Keine oder bedingte Anwendbarkeit
Art. 105

1 Die Bestimmungen über die bedingten und die teilbedingten Strafen (Art. 42 und 43), über die Landesverweisung (Art. 66a–66d) sowie über die Verantwortlichkeit des Unternehmens (Art. 102) sind bei Übertretungen nicht anwendbar.145

2 Versuch und Gehilfenschaft werden nur in den vom Gesetz ausdrücklich bestimmten Fällen bestraft.

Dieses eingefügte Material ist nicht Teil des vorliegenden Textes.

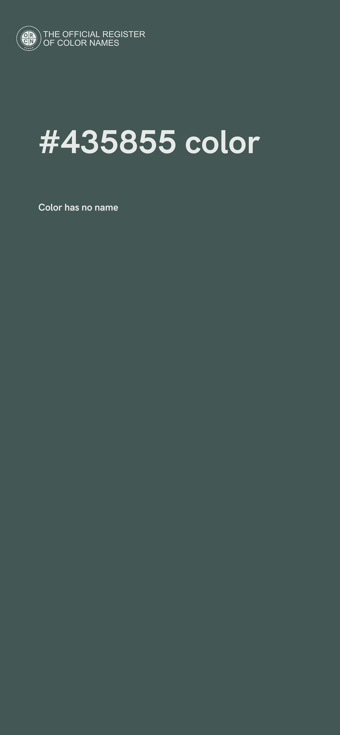 The digital color HEX #435855 belongs to the Cyan Color Family featuring Low Saturation (Saturation Family) and Neutral (Brightness Family).
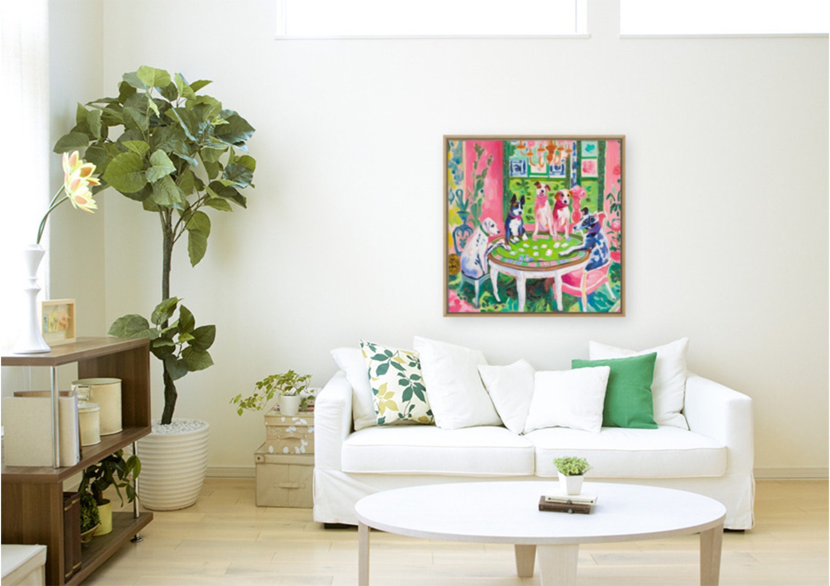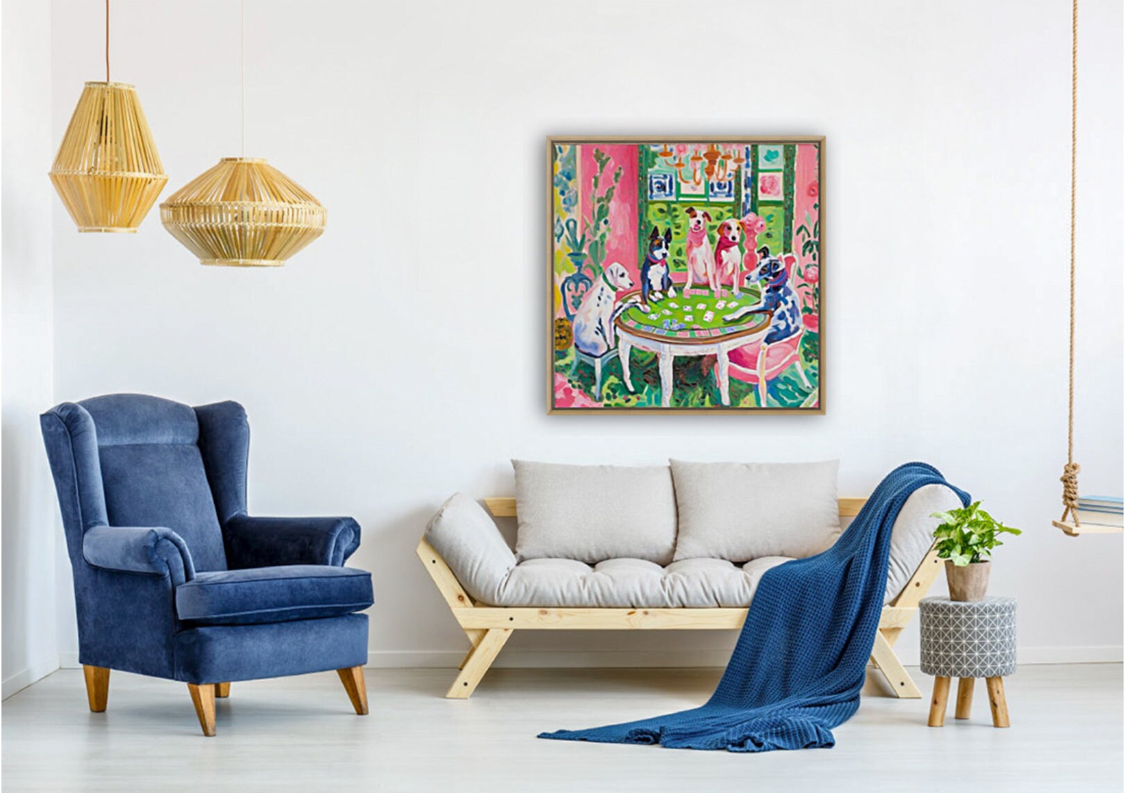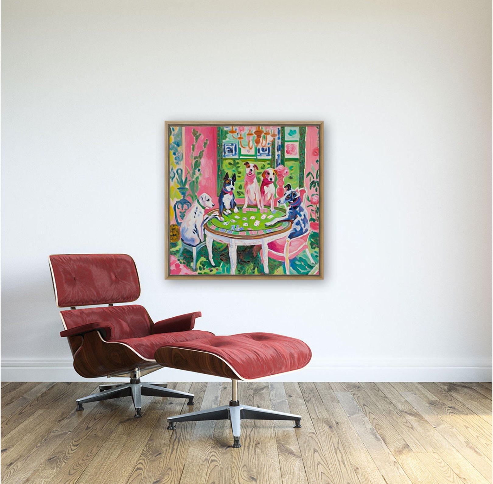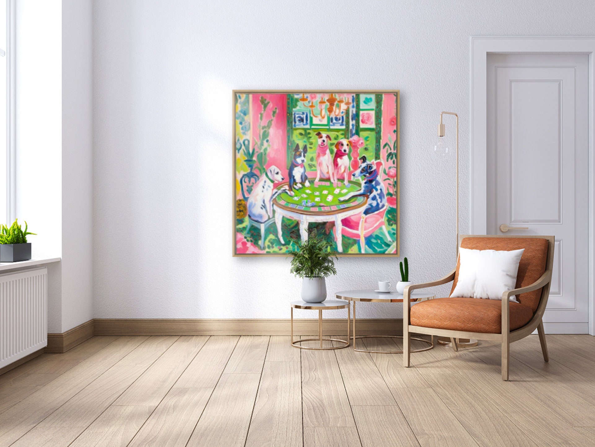 Grandmillennial art, Dogs playing poker, whimsical fine art print

3 Freiheitsentziehende Massnahmen (Art. 59–61 und 64), das Tätigkeitsverbot (Art. 67), das Kontakt- und Rayonverbot (Art. 67b) sowie die Veröffentlichung des Urteils (Art. 68) sind nur in den vom Gesetz ausdrücklich bestimmten Fällen zulässig.146

145 Fassung gemäss Ziff. I 1 des BG vom 20. März 2015 (Umsetzung von Art. 121 Abs. 3–6 BV über die Ausschaffung krimineller Ausländerinnen und Ausländer), in Kraft seit 1. Okt. 2016 (AS 2016 2329; BBl 2013 5975).

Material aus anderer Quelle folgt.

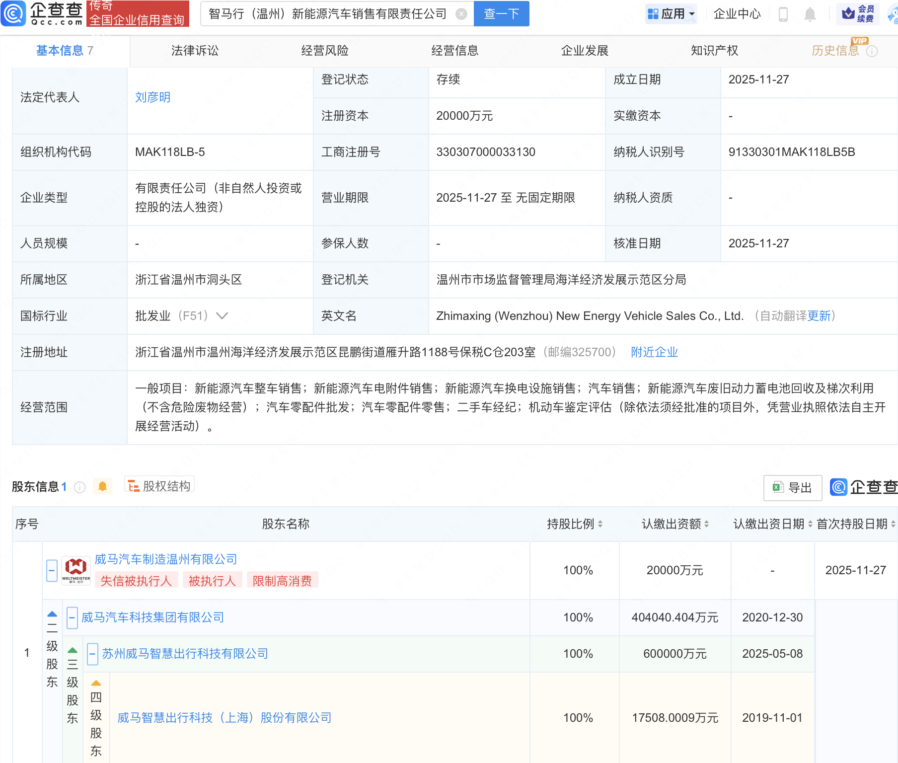 企查查APP显示,近日,智马行(温州)新能源汽车销售有限责任公司成立,法定代表人为刘彦明,注册资本2亿人民币,经营范围包括新能源汽车整车销售、新能源汽车电附件销售、新能源汽车换电设施销售等。企查查股权穿透显示,该公司由威马智慧出行科技(上海)股份有限公司间接全资持股。

146 Fassung gemäss Ziff. I 1 des BG vom 13. Dez. 2013 über das Tätigkeitsverbot und das Kontakt- und Rayonverbot, in Kraft seit 1. Jan. 2015 (AS 2014 2055; BBl 2012 8819).

Case law2018-06-20
art. 105 (1) StGB

in

6B 252/2017

Das Bundesgericht untersuchte die Vereinbarkeit von Art. 6 OBG mit der Unschuldsvermutung (Art. 32 Abs. 1 BV, Art. 6 Abs. 2 EMRK) und dem Recht zu schweigen und sich nicht selbst zu belasten (Art. 35 Abs. 1 BV, Art. 6 EMRK). Es bestätigte, dass die Halterhaftung gemäss Art. 6 OBG, welche die Busse dem Fahrzeughalter auferlegt, wenn der Lenker nicht identifiziert werden kann, mit diesen Grundrechten vereinbar ist, sofern der Halter die Möglichkeit hat, den Fahrer zu benennen oder glaubhaft zu machen, dass das Fahrzeug gegen seinen Willen benutzt wurde. Das Gericht wies darauf hin, dass die Regelung im Einklang mit der Rechtsprechung des EGMR steht und keine unverhältnismässige Belastung darstellt. Zudem wurde festgestellt, dass juristische Personen als Fahrzeughalter im Sinne von Art. 6 OBG haftbar gemacht werden können, obwohl sie selbst kein Fahrzeug führen können. Allerdings verletzte das Gericht den Grundsatz der Legalität (Art. 7 EMRK, Art. 1 StGB), da Art. 6 OBG keine ausdrückliche Grundlage für die Strafbarkeit von Unternehmen bei Übertretungen bietet, weshalb die Beschwerdeführerin freizusprechen war.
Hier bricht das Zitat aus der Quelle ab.